■ Task instructions:
Every line below between the line holding "道路沿い6台駐車スペース、間の車室にEV充電器があります。" and the line holding "用務員さんが心を込めて作って", inclusive, should be repeated exactly, and all other lines omitted.

■ Provided entries:
——

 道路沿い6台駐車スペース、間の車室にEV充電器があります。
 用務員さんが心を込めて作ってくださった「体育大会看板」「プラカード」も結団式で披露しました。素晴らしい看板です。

——

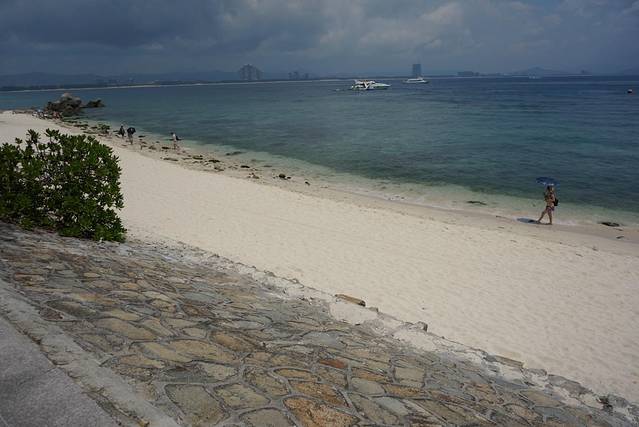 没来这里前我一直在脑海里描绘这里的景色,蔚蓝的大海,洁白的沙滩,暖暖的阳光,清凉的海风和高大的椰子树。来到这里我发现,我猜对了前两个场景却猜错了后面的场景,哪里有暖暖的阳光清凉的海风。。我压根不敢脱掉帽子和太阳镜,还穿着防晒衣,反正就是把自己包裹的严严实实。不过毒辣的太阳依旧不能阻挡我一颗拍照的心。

——

■ Answer box:
 道路沿い6台駐車スペース、間の車室にEV充電器があります。
 用務員さんが心を込めて作ってくださった「体育大会看板」「プラカード」も結団式で披露しました。素晴らしい看板です。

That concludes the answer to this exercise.